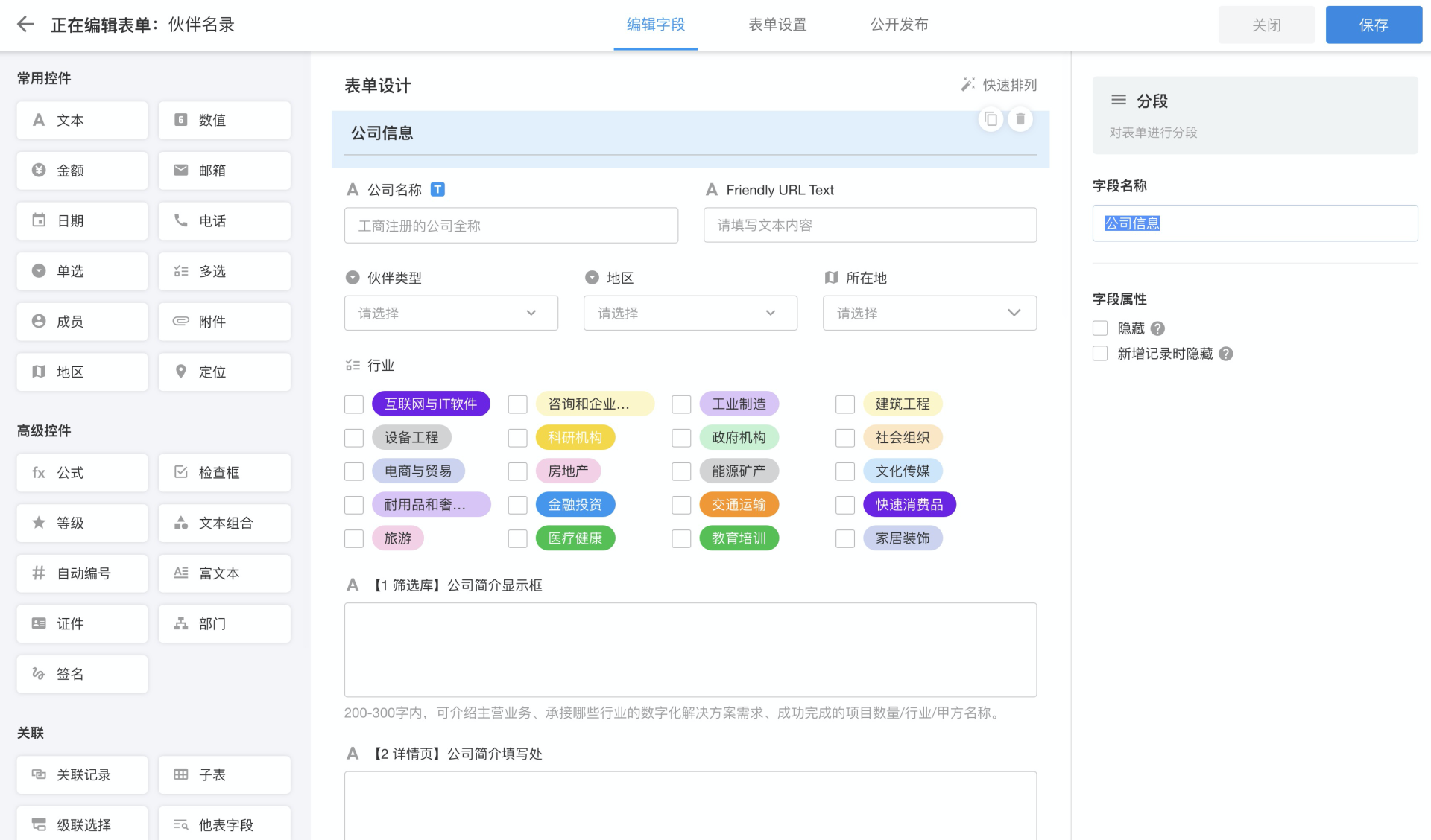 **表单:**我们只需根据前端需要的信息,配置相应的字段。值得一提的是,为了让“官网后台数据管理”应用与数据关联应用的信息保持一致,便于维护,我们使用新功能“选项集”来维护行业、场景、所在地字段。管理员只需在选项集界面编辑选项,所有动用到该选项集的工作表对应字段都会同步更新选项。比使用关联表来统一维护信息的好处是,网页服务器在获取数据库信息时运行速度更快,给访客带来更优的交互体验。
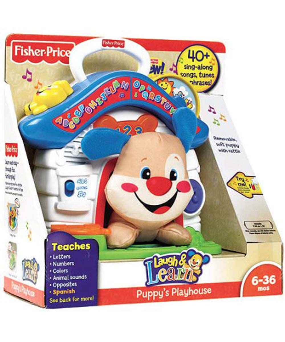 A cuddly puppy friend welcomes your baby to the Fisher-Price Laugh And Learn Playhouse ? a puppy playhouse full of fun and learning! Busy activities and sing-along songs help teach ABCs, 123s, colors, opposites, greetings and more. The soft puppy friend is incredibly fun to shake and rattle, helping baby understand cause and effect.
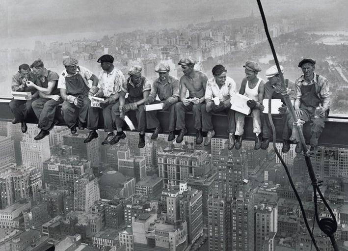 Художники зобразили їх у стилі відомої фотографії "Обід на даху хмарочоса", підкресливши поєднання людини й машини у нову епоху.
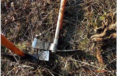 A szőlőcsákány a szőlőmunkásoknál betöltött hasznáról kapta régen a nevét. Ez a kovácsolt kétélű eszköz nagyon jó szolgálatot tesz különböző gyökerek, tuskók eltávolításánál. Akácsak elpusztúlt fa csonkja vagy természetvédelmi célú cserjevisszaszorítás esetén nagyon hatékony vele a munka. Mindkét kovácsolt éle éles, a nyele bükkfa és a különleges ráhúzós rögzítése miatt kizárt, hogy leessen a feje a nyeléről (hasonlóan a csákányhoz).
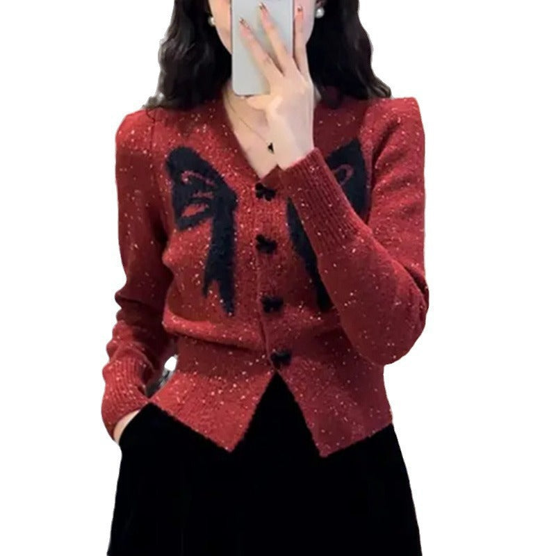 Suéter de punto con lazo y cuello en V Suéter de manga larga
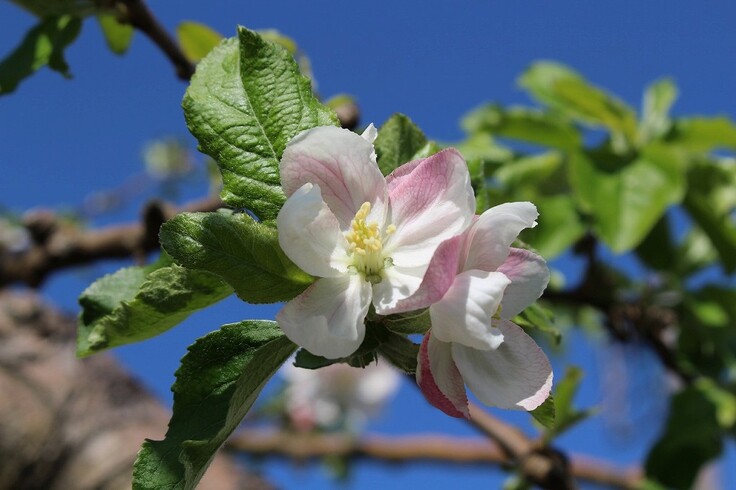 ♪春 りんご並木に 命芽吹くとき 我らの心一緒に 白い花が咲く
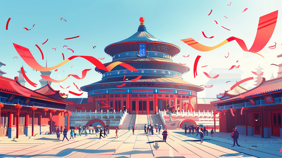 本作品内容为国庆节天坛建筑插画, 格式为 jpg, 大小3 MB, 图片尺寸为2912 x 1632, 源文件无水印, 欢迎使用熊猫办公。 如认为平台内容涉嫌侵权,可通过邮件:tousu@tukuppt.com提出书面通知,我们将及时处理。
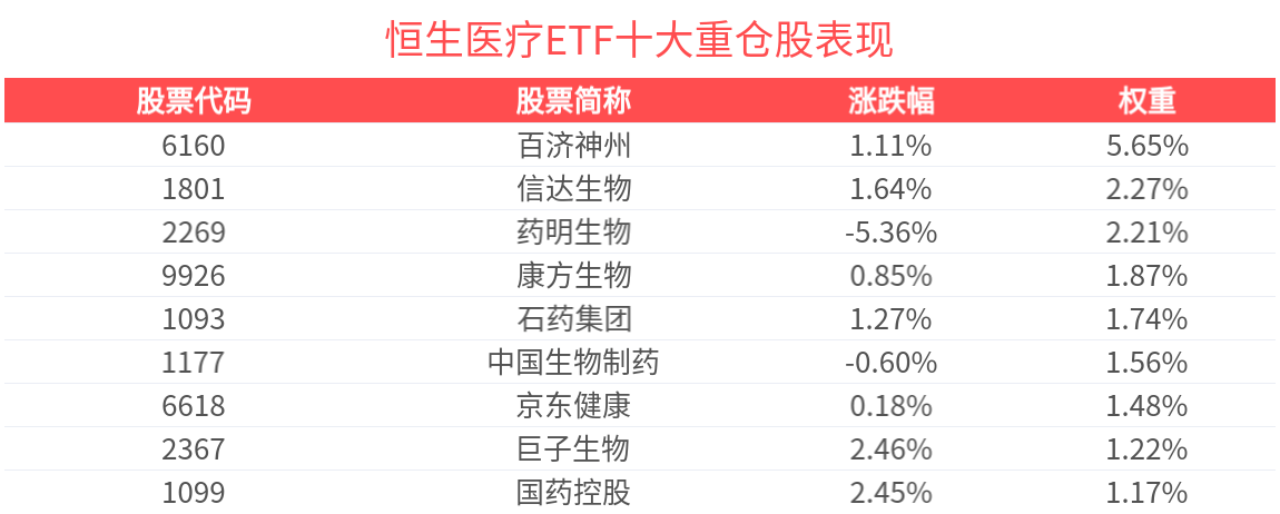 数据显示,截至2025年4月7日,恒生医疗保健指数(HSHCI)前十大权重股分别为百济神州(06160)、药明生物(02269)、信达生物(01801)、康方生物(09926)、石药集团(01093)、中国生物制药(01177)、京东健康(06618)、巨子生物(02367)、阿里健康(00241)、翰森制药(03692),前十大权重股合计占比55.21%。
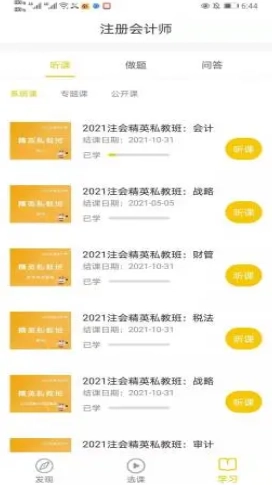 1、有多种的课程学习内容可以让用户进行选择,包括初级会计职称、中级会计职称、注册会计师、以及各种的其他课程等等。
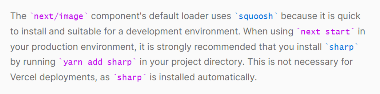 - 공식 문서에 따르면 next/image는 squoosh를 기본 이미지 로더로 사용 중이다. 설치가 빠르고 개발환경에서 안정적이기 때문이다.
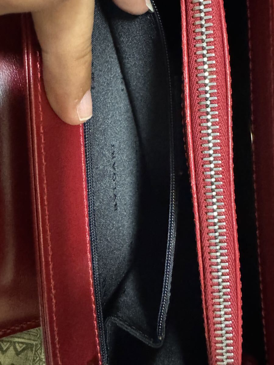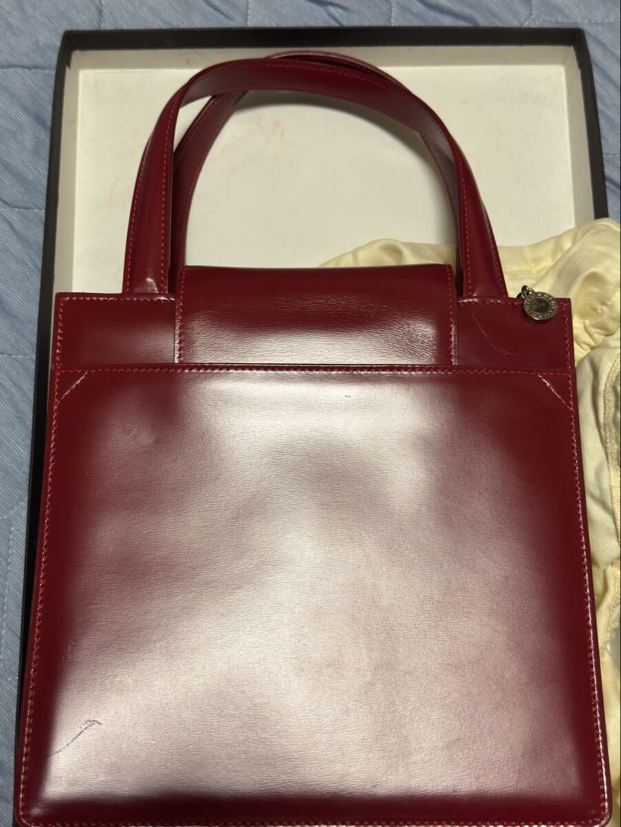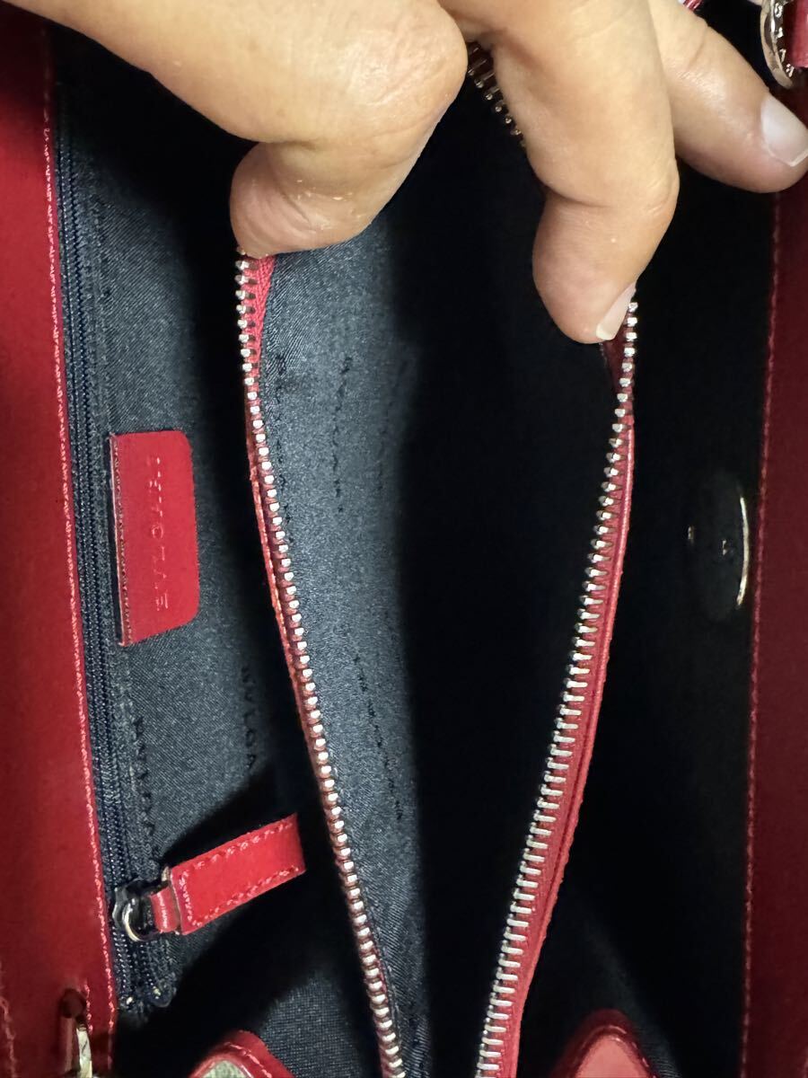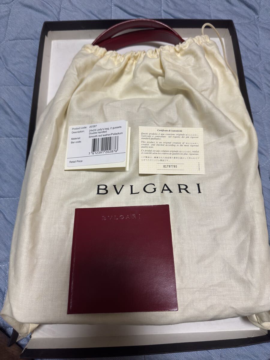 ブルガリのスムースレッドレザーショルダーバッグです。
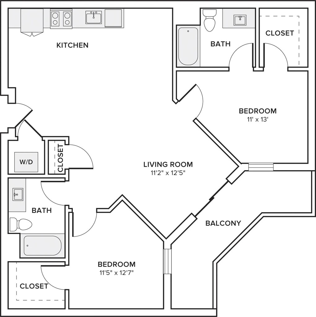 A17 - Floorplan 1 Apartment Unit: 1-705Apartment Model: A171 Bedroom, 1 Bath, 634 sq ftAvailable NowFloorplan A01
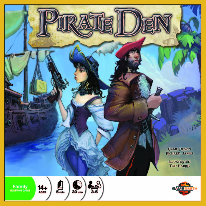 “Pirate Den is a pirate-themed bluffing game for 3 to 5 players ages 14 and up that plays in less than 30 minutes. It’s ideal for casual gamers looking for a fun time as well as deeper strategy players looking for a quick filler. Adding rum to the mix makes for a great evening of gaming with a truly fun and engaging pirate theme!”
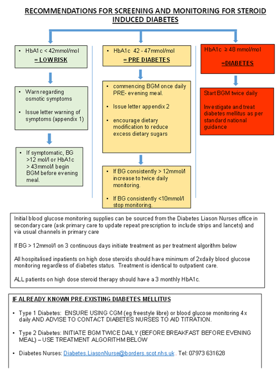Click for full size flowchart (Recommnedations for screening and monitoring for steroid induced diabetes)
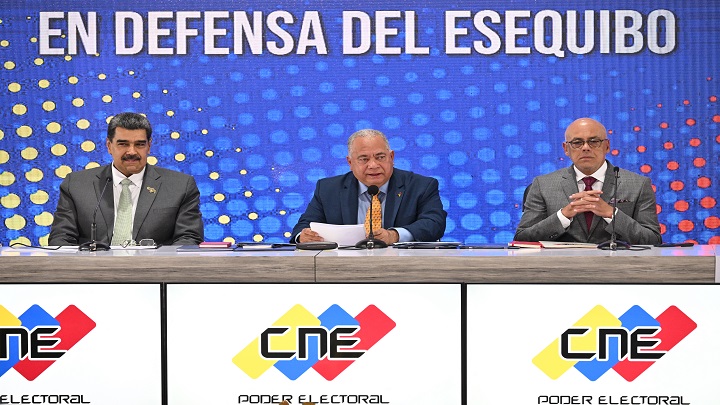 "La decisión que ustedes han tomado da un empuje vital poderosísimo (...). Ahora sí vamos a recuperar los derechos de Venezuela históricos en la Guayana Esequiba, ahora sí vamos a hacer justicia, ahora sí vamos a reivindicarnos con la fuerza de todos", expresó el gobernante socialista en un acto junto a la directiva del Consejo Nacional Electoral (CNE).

# [TASK OBJECTIVE]
Word for word, write out the full listing, leaving the pictures aside.

# [TASK OUTPUT]
 **表单:**我们只需根据前端需要的信息,配置相应的字段。值得一提的是,为了让“官网后台数据管理”应用与数据关联应用的信息保持一致,便于维护,我们使用新功能“选项集”来维护行业、场景、所在地字段。管理员只需在选项集界面编辑选项,所有动用到该选项集的工作表对应字段都会同步更新选项。比使用关联表来统一维护信息的好处是,网页服务器在获取数据库信息时运行速度更快,给访客带来更优的交互体验。
 A cuddly puppy friend welcomes your baby to the Fisher-Price Laugh And Learn Playhouse ? a puppy playhouse full of fun and learning! Busy activities and sing-along songs help teach ABCs, 123s, colors, opposites, greetings and more. The soft puppy friend is incredibly fun to shake and rattle, helping baby understand cause and effect.
 Художники зобразили їх у стилі відомої фотографії "Обід на даху хмарочоса", підкресливши поєднання людини й машини у нову епоху.
 A szőlőcsákány a szőlőmunkásoknál betöltött hasznáról kapta régen a nevét. Ez a kovácsolt kétélű eszköz nagyon jó szolgálatot tesz különböző gyökerek, tuskók eltávolításánál. Akácsak elpusztúlt fa csonkja vagy természetvédelmi célú cserjevisszaszorítás esetén nagyon hatékony vele a munka. Mindkét kovácsolt éle éles, a nyele bükkfa és a különleges ráhúzós rögzítése miatt kizárt, hogy leessen a feje a nyeléről (hasonlóan a csákányhoz).
 Suéter de punto con lazo y cuello en V Suéter de manga larga
 ♪春 りんご並木に 命芽吹くとき 我らの心一緒に 白い花が咲く
 本作品内容为国庆节天坛建筑插画, 格式为 jpg, 大小3 MB, 图片尺寸为2912 x 1632, 源文件无水印, 欢迎使用熊猫办公。 如认为平台内容涉嫌侵权,可通过邮件:tousu@tukuppt.com提出书面通知,我们将及时处理。
 数据显示,截至2025年4月7日,恒生医疗保健指数(HSHCI)前十大权重股分别为百济神州(06160)、药明生物(02269)、信达生物(01801)、康方生物(09926)、石药集团(01093)、中国生物制药(01177)、京东健康(06618)、巨子生物(02367)、阿里健康(00241)、翰森制药(03692),前十大权重股合计占比55.21%。
 1、有多种的课程学习内容可以让用户进行选择,包括初级会计职称、中级会计职称、注册会计师、以及各种的其他课程等等。
 - 공식 문서에 따르면 next/image는 squoosh를 기본 이미지 로더로 사용 중이다. 설치가 빠르고 개발환경에서 안정적이기 때문이다.
 ブルガリのスムースレッドレザーショルダーバッグです。
 A17 - Floorplan 1 Apartment Unit: 1-705Apartment Model: A171 Bedroom, 1 Bath, 634 sq ftAvailable NowFloorplan A01
 “Pirate Den is a pirate-themed bluffing game for 3 to 5 players ages 14 and up that plays in less than 30 minutes. It’s ideal for casual gamers looking for a fun time as well as deeper strategy players looking for a quick filler. Adding rum to the mix makes for a great evening of gaming with a truly fun and engaging pirate theme!”
Click for full size flowchart (Recommnedations for screening and monitoring for steroid induced diabetes)
 "La decisión que ustedes han tomado da un empuje vital poderosísimo (...). Ahora sí vamos a recuperar los derechos de Venezuela históricos en la Guayana Esequiba, ahora sí vamos a hacer justicia, ahora sí vamos a reivindicarnos con la fuerza de todos", expresó el gobernante socialista en un acto junto a la directiva del Consejo Nacional Electoral (CNE).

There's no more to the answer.